We carry a small travelling steam iron with folding handle. Its one of the last bits of kit left over from my backpacking days.
I like the missus to press creases into my apple-catchers and it stops her from getting out of practise.
Also handy for running over the morning newspaper and keeping the bed linen looking nice.

We use a wool blanket with a large pillow case on the dining table as an ironing-table.


----------



## bognormike (May 10, 2005)

Spacerunner said:


> We carry a small travelling steam iron with folding handle. Its one of the last bits of kit left over from my backpacking days.
> I like the missus to press creases into my apple-catchers and it stops her from getting out of practise.
> Also handy for running over the morning newspaper and keeping the bed linen looking nice.
> 
> We use a wool blanket with a large pillow case on the dining table as an ironing-table.

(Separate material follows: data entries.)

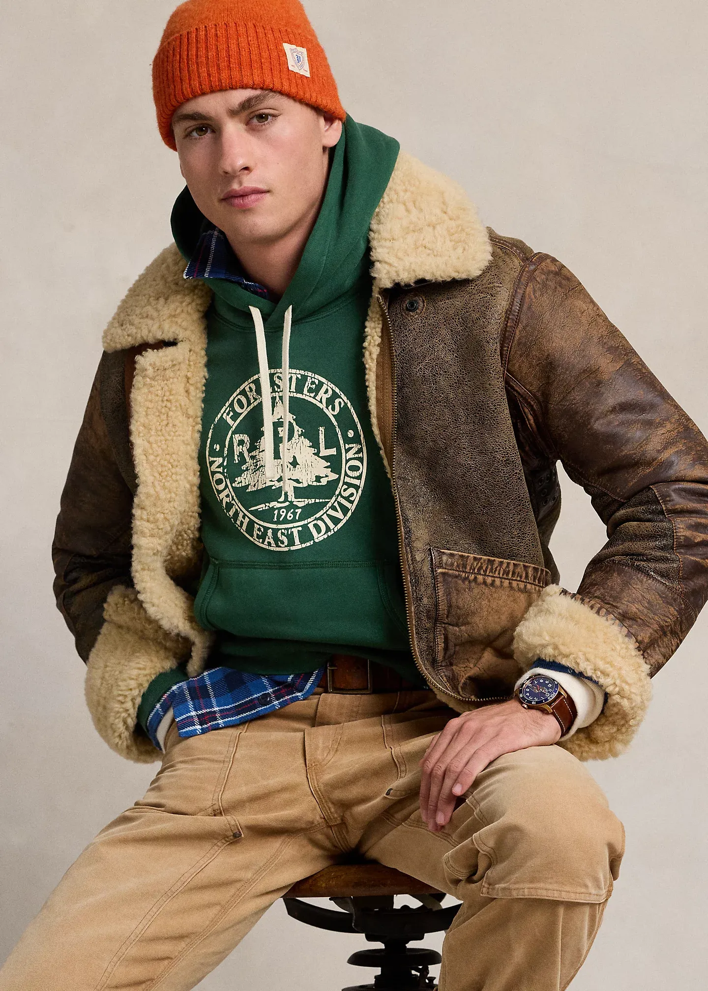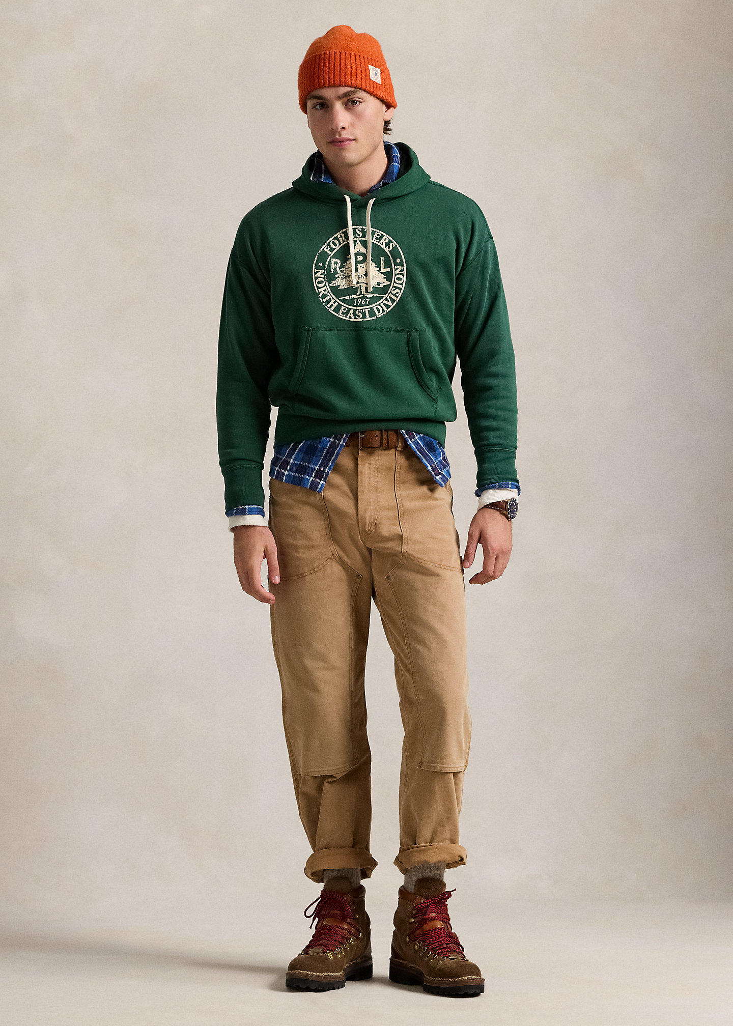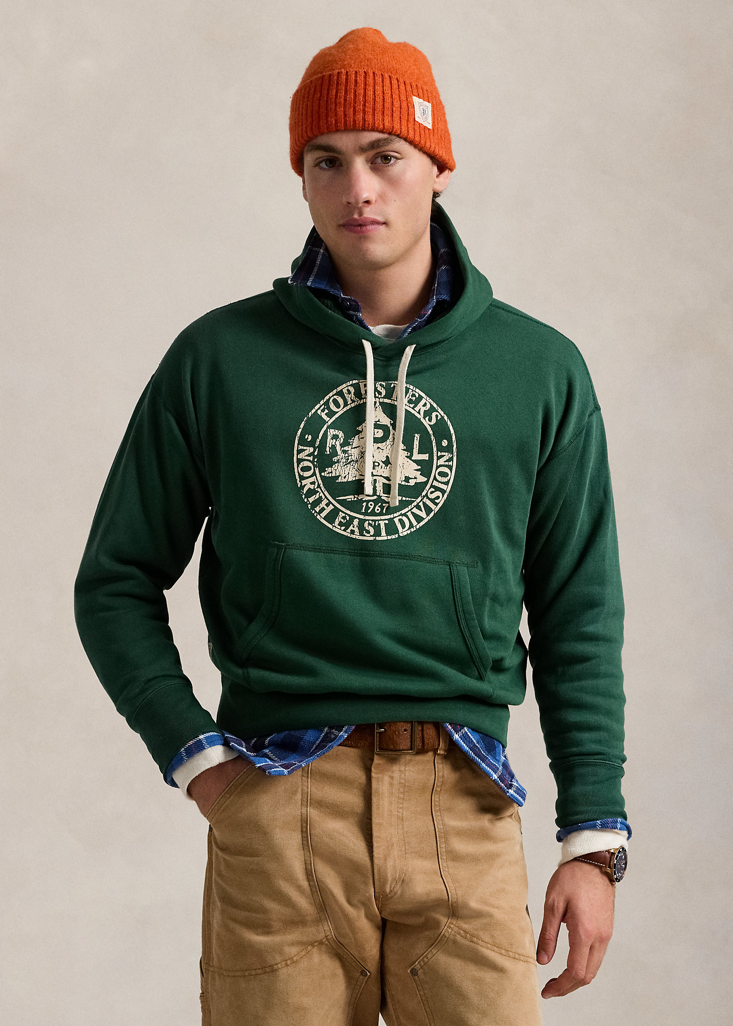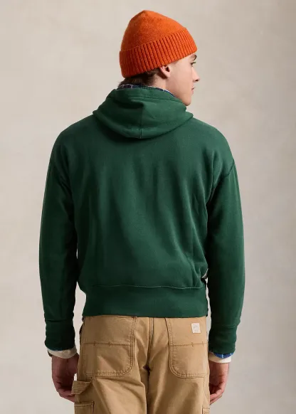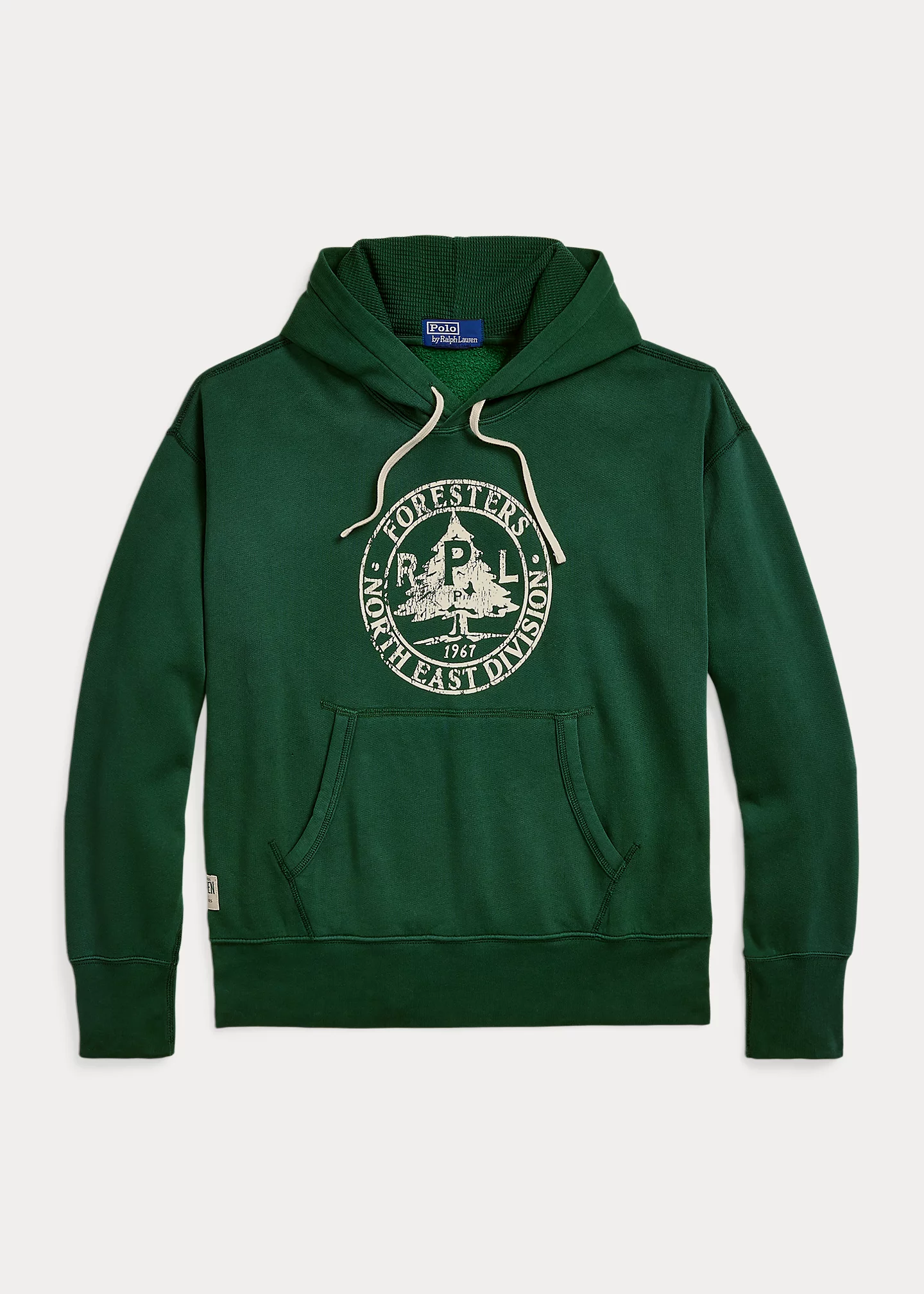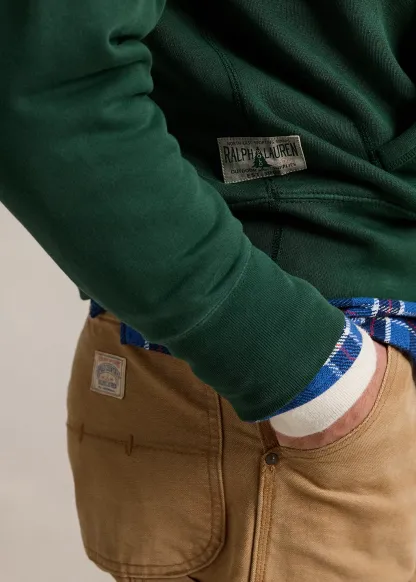 - Kangaroo pocket. "Polo Ralph Lauren Outdoor Supplies" label at the right hem. Ribbed hem.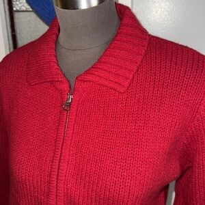 J Crew Red 100% Wool Zip Up Collared Cardigan Sweater SZ Small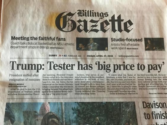 So there is a new nervousness in Big Sky country. On Thursday, a small gaggle of veterans staged an impromptu news conference to insist that they and everybody else who has served are certain Tester did the country and them a favour.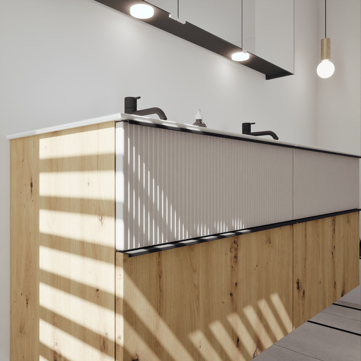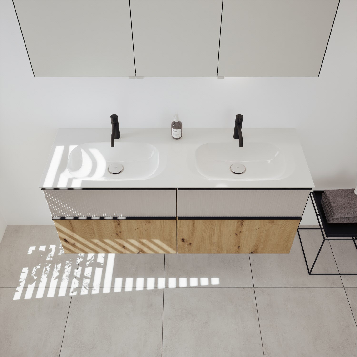 burgbad Fiumo 2.0 Mineralguss-Waschtisch mit Waschtischunterschrank 142 cm, mit Griff G0200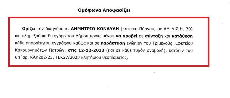 Σήμερα, Τρίτη, 2 Απριλίου και ώρα 13.00 θα προτείνετε την αντικατάσταση του δικηγόρου Δημητρίου Κονδύλη, που επί σειρά ετών χειρίζεται εκ μέρους του Δήμου Πύργου τις υποθέσεις: αγορά και λειτουργία του δεματοποιητή απορριμμάτων στο «ΠΟΤΟΚΙ» μεταφορά χιλιάδων τόνων απορριμμάτων το έτος 2009, αντιπλημμυρικά έργα το έτος 2012.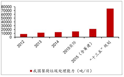? ? 根據《“十三五”全國城鎮生活垃圾無害化處理設施建設規劃》“十三五”期間我國將新增餐廚處理能力3.44萬噸/日,對應投資額183.5億元。盡管餐廚垃圾擁有巨大的市場,國家和地方政府也出臺一系列政策扶持行業發展,但餐廚垃圾處理項目實施進度仍然很緩慢,低于市場預期。截至2015年末,全國已投運、在建、籌建的餐廚垃圾處理項目(50t/d以上)約有118座,總計處理能力約2.15萬噸/日,并且籌建中的40座處理設施(處理能力0.66萬噸/日),大部分僅處于完成立項階段,剔除這部分,我國餐廚垃圾實際處理能力不超過1.4萬噸/日,日處理率僅為5.5%,要完成“十三五”新增目標壓力較大。現有餐廚垃圾處理能力的缺口將帶來較大的投資機會。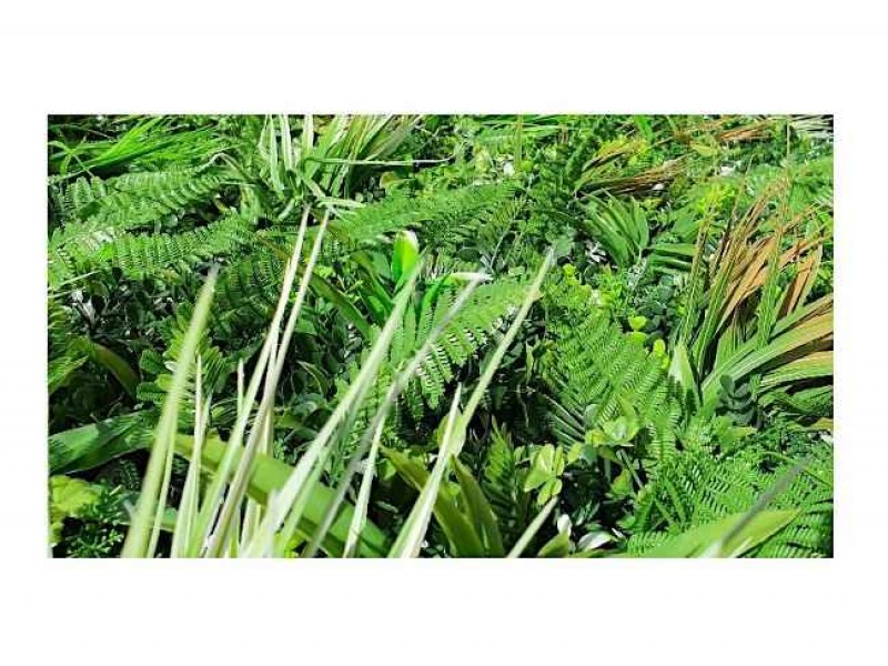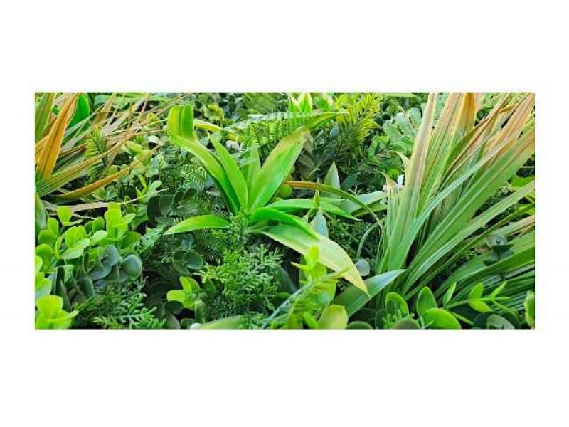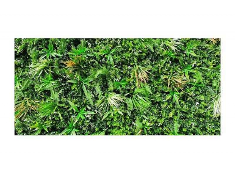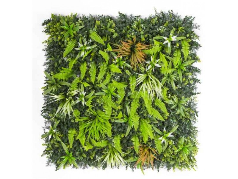 Synthetic Green Wall Tile Jungle Mix 100x100cm of Ecoshadow is made of high quality raw material. Durable and highly ornamental, it can be used both for indoor or outdoor walls or similar constructions. Although artificial, gives the feeling of natural foliage and does not need any kind of care.

you iron your daily paper? My butler does that for me....:wink2:


----------



## chilly (Apr 20, 2007)

I don't even iron when I'm at home! (except formal shirt for weddings and funerals).


----------



## Easyriders (May 16, 2011)

After years of ironing shirts for John and 4 sons, plus school blouses for daughter, I have thankfully hung up my iron!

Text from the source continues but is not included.